Figure C: Typical installation of secondary stage filter ‘pocket type’ in an air handling unit
Recently, there has been a great deal of hype on moisture control, and several studies and scholars correlated humidity control and virus survivability in an indoor environment. Ironically, the sole reliance on a single stage of an inch thick washable filter in Fan Coil Units (FCU) and installing these filters before they are completely dry - not to mention their poor filter efficiency - may counterproductively affect the IAQ. Air handling units use the second stage of filtration (Pocket Filters - Figure C) in addition to the primary filters. The agony is that these secondary filters occupy tremendous space in the air handling units compared to their modest performance. Unfortunately, although these filters are disposable, maintenance teams re-stall them after attempting to regenerate them by water-washing or compressed air.
It is impossible to embark on air quality enhancements if these practices exist. There are a lot to tweak in terms of IAQ, not just to hike the filter efficiency and install High-Efficiency Particulate Arrestance (HEPA) filters, but to consider the entire HVAC systems and built-in environments holistically. Satisfaction is gained through increased productivity and levitating dull buildings through IoT. Therefore, enticing HVAC engineers to design systems that would respond to variations in indoor air quality will prove invaluable in confronting a wide array of pollutants, not just PM.
Air filter media (Figure A &B), design, and performance have advanced tremendously.
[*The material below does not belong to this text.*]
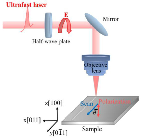 The experimental setup is shown in Figure 1. In our experiments, the sample is a single-sided polished p-type single-crystal silicon with a resistivity ranging from 0–20 Ω/cm and a crystal orientation of <100>. A Gaussian spatially distributed linearly polarized light with a wavelength of 1030 nm, repetition rate of 100 KHz, and pulse width of 1.2 ps is generated using an ultrafast laser system (Monaco, Coherent, Bangkok, Thailand). The continuous and precise adjustment of laser power is achieved through a combination of a half-wave plate and a polarizer. The laser beam is focused by an objective lens (Mitutoyo 2×, NA = 0.055, focal length f = 100 mm) and it is vertically incident onto the sample surface in air. A zero-order quartz half-wave plate in front of the objective lens is used to adjust the laser polarization direction. The three-dimensional motion platform (Aerotech ANT130) with a repeatability of ±75 nm enables precise movement of the sample within the laser focal plane. The crystal orientation, laser polarization direction, and sample scanning direction are defined in Figure 1, and the orientation of the sample’s scanning direction with respect to the crystal’s axis direction was determined by EBSD (electron backscatter diffraction).

Addressing only the associated rise in pressure drop when selecting air filters with higher efficiency is yesterday’s argument. The optimised performance of modern aerodynamic filter design can spark a new beginning to attain cleaner air at a much lower pressure drop.
Reimaging Air Quality
Today, existing and new buildings are subject to tremendous pressure to provide healthier indoor environments. However, any cost of filtration upgrades is infinitesimal given the cost of the lockdown. Although COVID-19 has brought immense suffering, it has highlighted the primary deficiencies in terms of the tools and conditions of our indoor environment. Globally, the pandemic pushed air quality to the centre and forced everyone to reimagine air quality given the incredible growth in industrialisation; however, at the same time, it also shed light on the lack of effective regulations. Today, technology has provided us with tools and the resources to attain the best air quality, and now the pandemic has given us the business case to act swiftly.
We must unweave every strand of conventional practice that led to the spread of the virus. We ought to admit that maintenance programs in place are, at best, modest, if they exist at all. It is time to certify HVAC systems, air filter performance, and maintenance programs and teams to take air quality to the next level.
It is now time for the global government to legislate rules and regulations that match the importance of outdoor and indoor air quality and allocate budgets and plans to improve IAQ. The bill that can come due is horrendous if we do not make air quality a global priority.